* The problem:
Would you repeat the listing below verbatim and drop the images?

* Material provided:
= Beginning of Section =

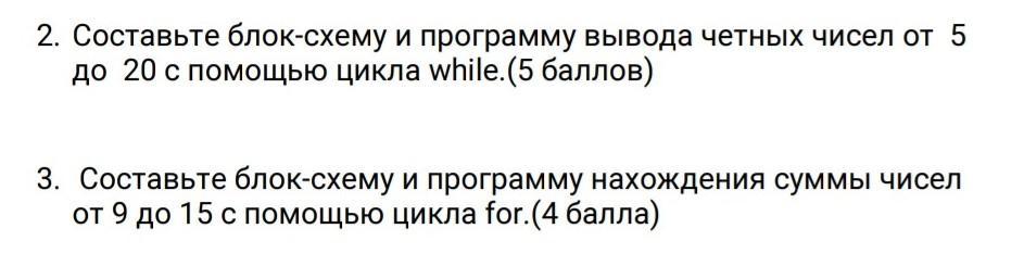 Хотябы одно из этого.....Составьте блок-схему и программу вывода четных чисел от 5
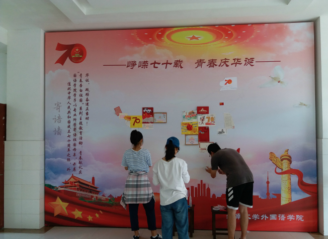 为隆重庆祝中华人民共和国成立70周年,大力弘扬以爱国主义为核心的伟大民族精神,深切感悟新中国70年风雨历程和伟大成就,进一步激发青年学生爱国之情,强化爱国之志,实践报国之行,江南在线学院在研究生、本科生各个班级中组织开展了国庆歌咏比赛、寄语祖国手卡制作、微视频作品等“青春告白祖国”系列活动。
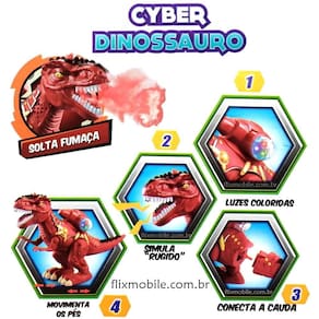 O Cyber Tiranossauro Rex é um hybrido Robótico com movimentos realistas, ele mexe a causa, anda, mexe as asas, acende uma luzes no corpo e na boca acende lluzes coloridas nas costas e na boca no momento em que vai soltar a fumaça, cria a magia e ilusão de estar cuspindo fogo, um arraso de brinquedo que encanta até adultos.

= End of Section =

* Answer below:
 Хотябы одно из этого.....Составьте блок-схему и программу вывода четных чисел от 5
 为隆重庆祝中华人民共和国成立70周年,大力弘扬以爱国主义为核心的伟大民族精神,深切感悟新中国70年风雨历程和伟大成就,进一步激发青年学生爱国之情,强化爱国之志,实践报国之行,江南在线学院在研究生、本科生各个班级中组织开展了国庆歌咏比赛、寄语祖国手卡制作、微视频作品等“青春告白祖国”系列活动。
 O Cyber Tiranossauro Rex é um hybrido Robótico com movimentos realistas, ele mexe a causa, anda, mexe as asas, acende uma luzes no corpo e na boca acende lluzes coloridas nas costas e na boca no momento em que vai soltar a fumaça, cria a magia e ilusão de estar cuspindo fogo, um arraso de brinquedo que encanta até adultos.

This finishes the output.